WHAT YOU NEED TO DO -> Write out again the lines from the line with "Fully ready for" up to and including the line with "Rosa Rossa's sophisticated", exactly as they stand below, and skip any picture.

AVAILABLE DATA section start

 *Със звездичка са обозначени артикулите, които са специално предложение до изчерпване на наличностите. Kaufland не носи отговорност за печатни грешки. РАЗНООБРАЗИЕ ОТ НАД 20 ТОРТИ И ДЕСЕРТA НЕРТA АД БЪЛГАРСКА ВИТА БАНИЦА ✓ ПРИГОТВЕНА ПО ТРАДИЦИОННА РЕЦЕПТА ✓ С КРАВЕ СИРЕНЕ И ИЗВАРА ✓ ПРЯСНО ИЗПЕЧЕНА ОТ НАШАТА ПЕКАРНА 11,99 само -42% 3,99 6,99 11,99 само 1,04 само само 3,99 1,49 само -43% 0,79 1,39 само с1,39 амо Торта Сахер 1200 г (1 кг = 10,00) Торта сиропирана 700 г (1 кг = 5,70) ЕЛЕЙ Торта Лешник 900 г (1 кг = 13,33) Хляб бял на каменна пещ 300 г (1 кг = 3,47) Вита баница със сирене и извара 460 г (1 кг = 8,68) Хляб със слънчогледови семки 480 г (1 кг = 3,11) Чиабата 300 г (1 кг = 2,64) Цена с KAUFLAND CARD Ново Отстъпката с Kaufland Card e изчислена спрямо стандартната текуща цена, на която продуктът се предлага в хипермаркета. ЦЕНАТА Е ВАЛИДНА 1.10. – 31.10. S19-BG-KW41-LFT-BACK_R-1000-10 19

AVAILABLE DATA section end
AVAILABLE DATA section start

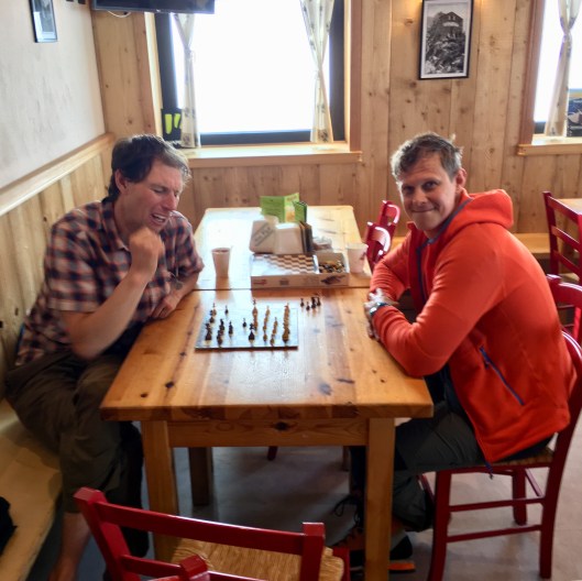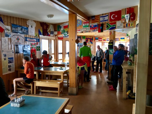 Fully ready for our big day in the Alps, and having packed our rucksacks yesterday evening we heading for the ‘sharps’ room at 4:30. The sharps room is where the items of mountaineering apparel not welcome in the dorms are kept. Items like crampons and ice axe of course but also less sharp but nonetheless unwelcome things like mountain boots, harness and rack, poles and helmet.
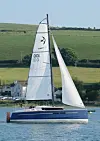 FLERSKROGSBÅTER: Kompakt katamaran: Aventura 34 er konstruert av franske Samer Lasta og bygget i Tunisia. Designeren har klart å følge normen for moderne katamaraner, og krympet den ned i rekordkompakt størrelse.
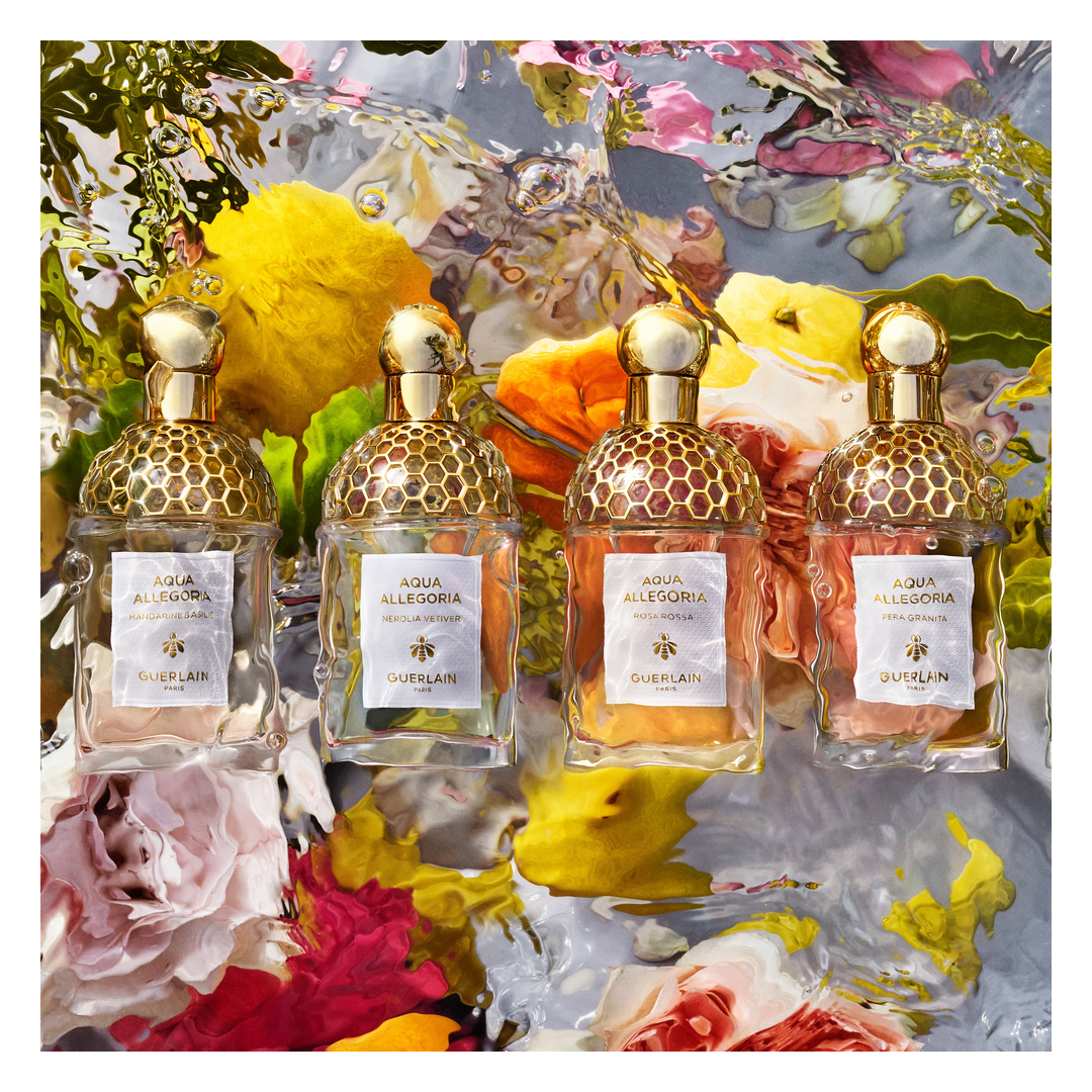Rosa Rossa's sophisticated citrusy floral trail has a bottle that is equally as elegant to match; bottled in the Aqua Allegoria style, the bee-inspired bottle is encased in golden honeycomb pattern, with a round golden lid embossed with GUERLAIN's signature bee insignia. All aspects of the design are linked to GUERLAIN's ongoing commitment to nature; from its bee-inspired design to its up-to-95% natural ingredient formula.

AVAILABLE DATA section end

ANSWER TO THE EXERCISE ->
 Fully ready for our big day in the Alps, and having packed our rucksacks yesterday evening we heading for the ‘sharps’ room at 4:30. The sharps room is where the items of mountaineering apparel not welcome in the dorms are kept. Items like crampons and ice axe of course but also less sharp but nonetheless unwelcome things like mountain boots, harness and rack, poles and helmet.
 FLERSKROGSBÅTER: Kompakt katamaran: Aventura 34 er konstruert av franske Samer Lasta og bygget i Tunisia. Designeren har klart å følge normen for moderne katamaraner, og krympet den ned i rekordkompakt størrelse.
Rosa Rossa's sophisticated citrusy floral trail has a bottle that is equally as elegant to match; bottled in the Aqua Allegoria style, the bee-inspired bottle is encased in golden honeycomb pattern, with a round golden lid embossed with GUERLAIN's signature bee insignia. All aspects of the design are linked to GUERLAIN's ongoing commitment to nature; from its bee-inspired design to its up-to-95% natural ingredient formula.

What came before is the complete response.